I knew there was no running allowed in the bowling alley! I couldn’t imagine losing that book though, and I was willing to not just disobey the rules, but totally destroy them to get that book back. That’s what books meant to me then and still do to this day. I’ll sprint for them — which is really saying something.

Fast forward through at least 10, maybe 15 Scholastic Book Fairs to the time when a friend asked me if I’d ever been to Barnes & Noble. I hadn’t! I didn’t even know what it was. At that point it wasn’t the Big Bad Wolf (so, obviously, it also was about a decade from being dethroned by You Know Who).

That Barnes & Noble supplied me with probably over 300 books through the years. It eventually moved. But I found another one in another city — that city was Fort Wayne, Indiana. So I traveled there regularly. It’s where I got my first full set of the Dune novels by Frank Herbert.

The truth is, after learning I loved books as a young kid, every kind of bookstore became the kind I wanted to visit. Every place with books, even. If a grocery store had books, well, let’s head into that place to see those books!

Even when the newest and Biggest Baddest Wolf opened up a physical location in Chicago, I went. Out of curiosity, sure, but mostly because of books.

BECAUSE OF BOOKS!

But a good bookstore is more than just huge amounts of books and low prices. A good bookstore feels like one. It’s a little hard to define what makes a bookstore feel special, but I’ve been to a lot of them at this point and I think I can try to explain the traits that can add up to creating a memorable bookstore.

There are two quotes from the film You’ve Got Mail that perfectly sum up my experience with bookstores and books in general, but also help me arrive at what I want my bookstore to be.

First, from the Suit with a cash register for a brain and a bottom line instead of a heart, Joe Fox:

“I said we were a goddamn piazza! A place in the city where people can mingle and mix and be!”

And next, from lover of the friendliest flower and staunch Joni Mitchell devotee Kathleen Kelly:

When you read a book as a child it becomes a part of your identity in a way that no other reading in your whole life does…

Joe Fox, as portrayed by Tom Hanks, is describing the bookstore he was born into owning, the big bad Fox Books. It’s comical, but it’s also not wrong to want that from your bookstore. He does focus on how they stock 150,000 titles - which can be good, but is not necessary - and he is too focused on selling “cheap” books.

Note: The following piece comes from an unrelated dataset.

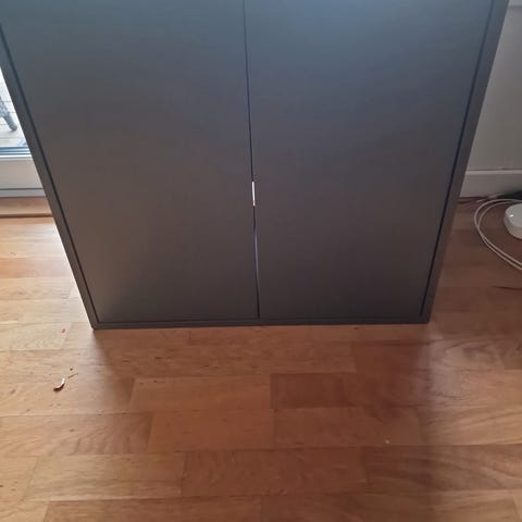 En liten firkant (35x35) med dør og en åpen hylle (35x70). Dybde 35 cm

Kathleen Kelly, played by Meg Ryan, on the other hand, is also referring to the bookstore she inherited, The Shop Around the Corner. She sort of inadvertently implies that if you didn’t read as a child, you’re screwed, and that all reading as a “non-child” is inferior or at least not as powerful.

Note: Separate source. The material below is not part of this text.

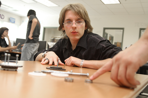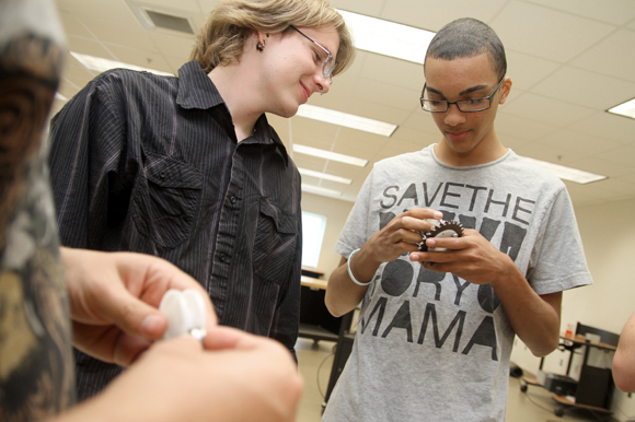 Aaron Holland was brought into the engineering lab by his cousin when he was a freshman and jumped right into the world of robotics. “The first day I was up here they let me drive the robot and I thought that was the coolest thing,” he says. Holland, a senior at NCT, never showed any interest in electronics before that day and concentrated on athletics instead. At first he struggled to grasp the ins and outs of a fast-paced robotics competition when he joined the team.

And, yes, these “takes” are purposely spoken by characters who meet up later and realize their idiosyncrasies (failings?) complement each other’s. But there is some truth inside these misguided concepts.

A good bookstore will feel like a piazza. It will match people up with the stories that define them now, no matter their age, and also on into their lives.

More often than not, when I walk into a bookstore I can feel that “piazza” feeling if it’s there. I want to help others find that feeling. And I want them to find the books that tell them life-changing stories, and to know this:

All reading brings with it the possibility of changing you, of redefining your life, and it doesn’t matter how old you are. And the more reading you do, the more chances you’ll have at understanding yourself, and hopefully others too.

That’s what Moss Heart means to me. That’s what I’m setting out to do.

And I’m so excited to recommend a book (or four) to you!